Privacy Policy

Effective Date: December 31, 2025

plop.email ("Plop," "we," "us," or "our") is operated by Comonad Limited (company number: 15713725). We respect your privacy and are committed to protecting the personal data we process when you use the plop.email service (the "Service"). This Privacy Policy explains how we collect, use, store, and protect your personal data, and the choices you have about your information.

1. Data We Collect

When you use the Service, we may collect and process the following categories of information:

• Account information: Name, email address, organization details, authentication data, and billing metadata.
• Inbox content: Email messages, headers, metadata, and attachments that you route to Plop inboxes for storage and processing.
• Usage data: Log data about how you interact with the Service, including IP addresses, device and browser data, API request metadata, and feature usage.
• Configuration data: Settings you provide such as mailbox names, tags, routing preferences, and webhook targets.
• Support communications: Information you share when contacting support or collaborating with us.

2. How We Use Your Data

We use your data to:

• Provide, operate, and maintain the Service.
• Store, index, and deliver inbox content per your instructions.
• Improve reliability, performance, and security.
• Communicate about product updates, support, and billing.
• Comply with legal obligations and enforce our Terms.

3. Legal Bases for Processing

We process personal data based on contractual necessity, legitimate interests, compliance with legal obligations, and consent where required (for example, marketing communications or non-essential cookies).

4. Data Sharing & Disclosure

We may share data with:

• Service providers: Infrastructure, analytics, email delivery, and payment processors that help us run the Service.
• Legal authorities: When required by law or to protect the rights, safety, and security of Plop and our users.
• Business transfers: If we undergo a merger, acquisition, or asset sale.

We do not sell your personal data.

5. International Transfers

We may process data in countries where our providers operate. When transferring data internationally, we apply appropriate safeguards consistent with applicable law.

6. Data Retention

We retain data for as long as needed to provide the Service and comply with legal obligations. Inbox content is retained according to your settings or until you delete it.

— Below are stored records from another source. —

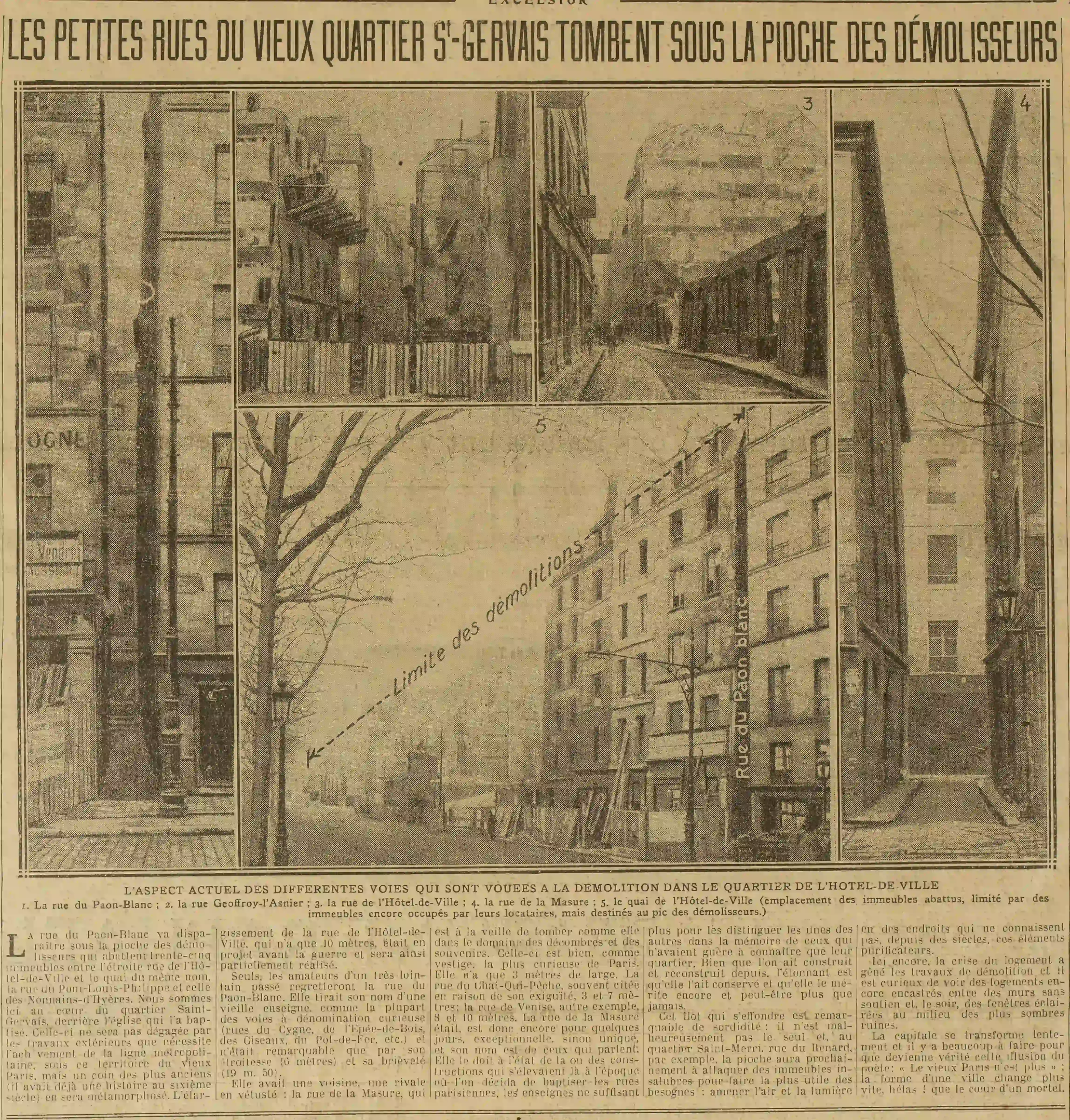 L'aspect actuel des différentes voies qui sont vouées a la démolition dans le quartier de l'Hôtel-de-Ville 1. La rue du Paon-Blanc; 2. la rue Geoffroy-l'Asnier; 3. la rue de l'Hôtel-de-Ville; 4. la rue de la Masure; 5. le quai de l'Hôtel-de-Ville (emplacement des immeubles abattus, limité par des immeubles encore occupés par leurs locataires, mais destinés au pic des démolisseurs.) La rue du Paon-Blanc va disparaître sous la pioche des démolisseurs qui abattent trente-cinq Immeubles entre l'étroite rue de l'Hôtel-de-Ville et le quai du même nom, la rue du Pont-Louis-Philippe et celle des Nonnains-d'Hyères. Nous sommes ici au cœur du quartier Saint-Gervais, derrière l’église qui l'a baptisé. Celle-ci ne sera pas dégagée par les travaux extérieurs que nécessite l'achèvement de la ligne métropolitaine, sous ce territoire du vieux Paris, mais un coin des plus anciens (il avait déjà une histoire au sixième siècle) en sera métamorphosé. L'élargissement de la rue de l'Hôtel-de- Ville, qui n'a que 10 mètres, était en projet avant la guerre et sera ainsi partiellement réalisé. Seuls, les amateurs d'un très lointain passé regretteront la rue du Paon-Blanc. Elle tirait son nom d'une vieille enseigne, comme la plupart des voies à dénomination curieuse (rues du Cygne, de l'Epée-de-Bois, des Ciseaux, du Pot-de-Fer, etc.) et n'était remarquable que par son étroitesse (6 mètres) et sa brièveté: (19 m. 50). Elle avait une voisine, une rivale. en vétusté la rue de la Masure,qui est à la veille de tomber comme elle dans le domaine des décombres et des souvenirs. Celle-ci est bien, comme vestige, la plus curieuse de Paris. Elle n'a que 3 mètres de large. La rue du Chat-Qui-Pêche, souvent citée en raison de son exiguïté, 3 et 7 mètres; la rue de Venise, autre exemple, 8 et 10 mètres. La rue de la Masure était, est donc encore pour quelques jours, exceptionnelle, sinon unique, et son nom est de ceux qui parlent. Elle le doit à l'état de la ou des constructions qui s'élevaient là à l'époque où l’on décida de baptiser les rues parisiennes, les enseignes ne suffisant plus pour les distinguer les unes des autres dans la mémoire de ceux qui n'avaient guère à connaître que leur quartier. Bien que l'on ait construit et reconstruit depuis, l'étonnant est qu'elle l'ait conservé et qu'elle le mérite encore et peut-être plus que jamais. Cet ilot qui s'effondre est remarquable de sordidité: il n'est malheureusement pas le seul et, au quartier Saint-Merri, rue du Renard, par exemple, la pioche aura prochainement à attaquer des immeubles insalubres pour faire la plus utile des besognes: amener l'air et la lumière,en des endroits qui ne connaissent pas, depuis des siècles, ces éléments purificateurs. Ici encore, la crise du logement a gêné les travaux de démolition et il est curieux de voir des logements encore encastrés entre des murs sans soutien et, le soir, des fenêtres éclairées au milieu des plus sombres ruines. La capitale se transforme lentement et il y a beaucoup à faire pour que devienne vérité cette illusion du poète : ∗« Le vieux Paris n'est plus ; la forme d'une ville change plus vite, hélas ! que le cœur d'un mortel. »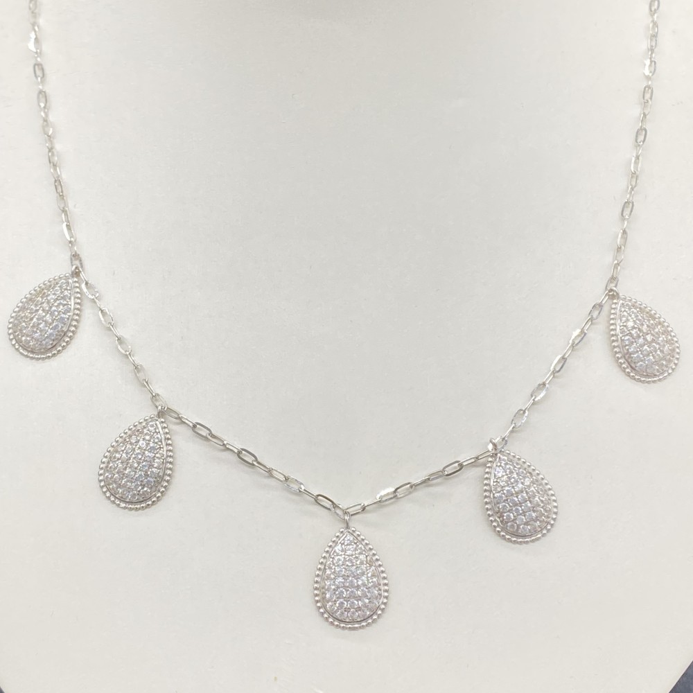 عقد تشوكر ذهب ابيض 18 قيراط بتصميم الماسى عالمى يضيف لمسة من الاناقة الوزن 5.25 جرام اجعلي هذا العقد جزءًا من إطلالتك اليومية واستمتعي بالإطلالة الأنيقة والمتألقة التي سيضفيها عليك.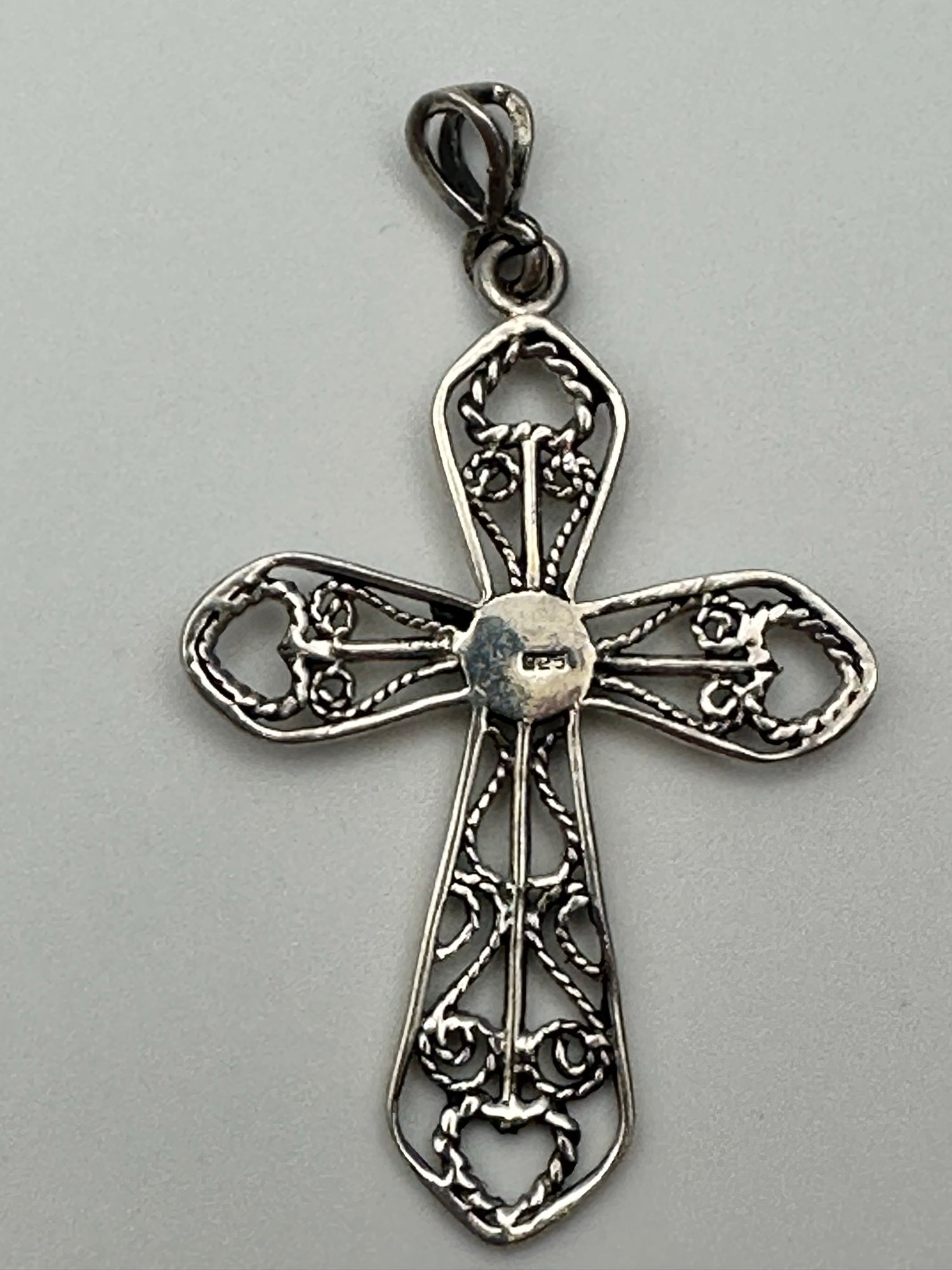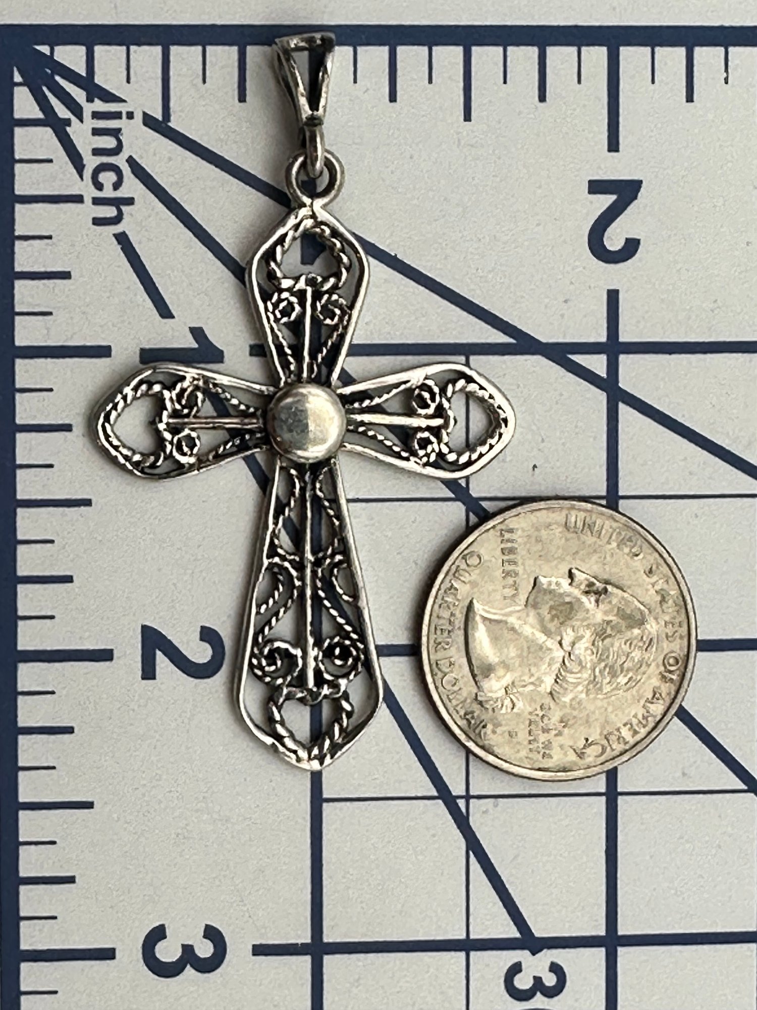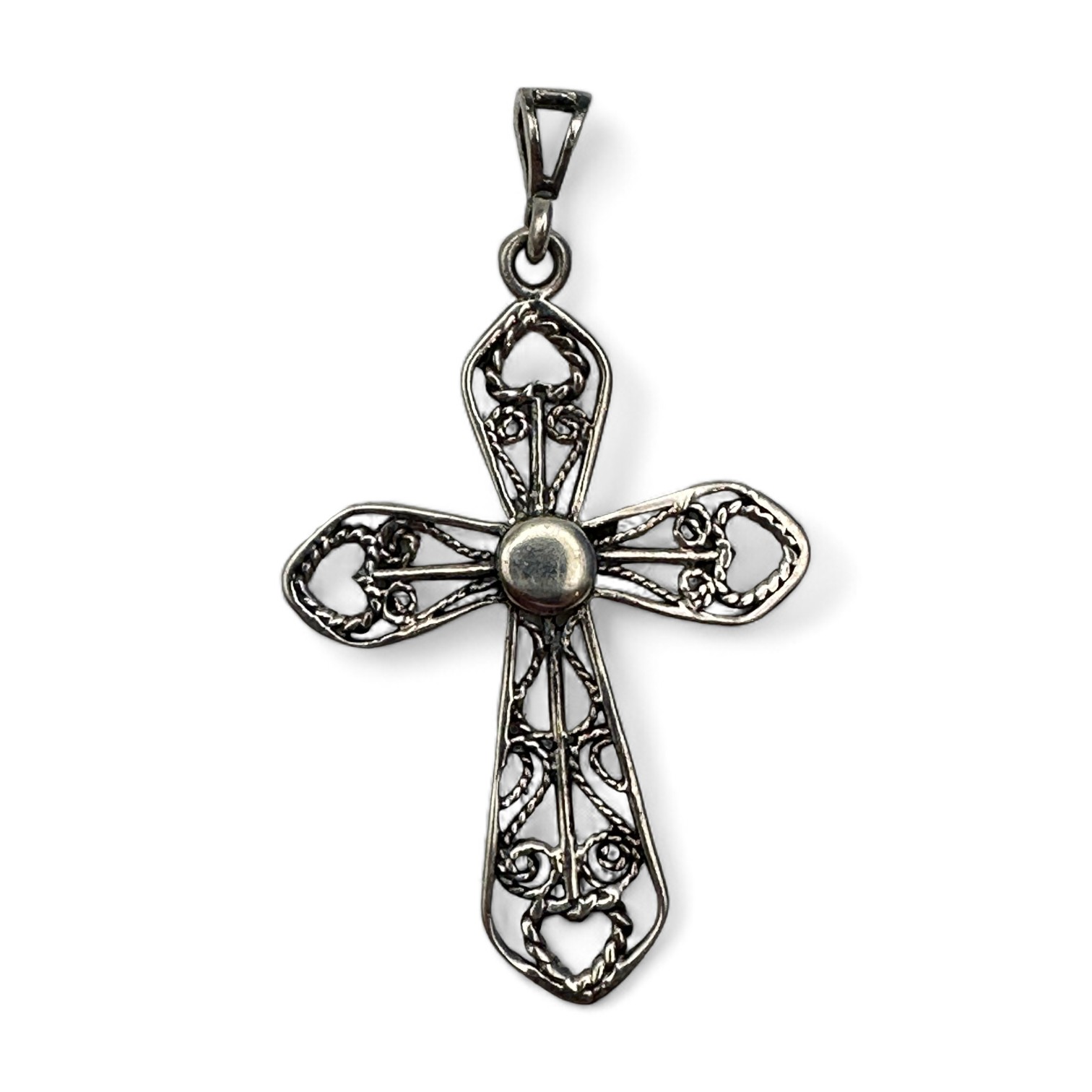 Sterling Silver Cross Pendant With Intricate Design, 6.09 G.

Usage data may be retained for analytics and security purposes.

7. Your Rights

Depending on your location, you may have rights to access, correct, delete, or export your personal data, and to object to or restrict certain processing. To exercise these rights, contact us at the address below.

8. Security

We use administrative, technical, and physical safeguards designed to protect your data. No system is completely secure, and you are responsible for maintaining the security of your account credentials.

9. Children's Privacy

The Service is not intended for individuals under 18, and we do not knowingly collect personal data from children.

10. Changes to This Policy

We may update this Privacy Policy from time to time. We will post the updated policy with a new effective date.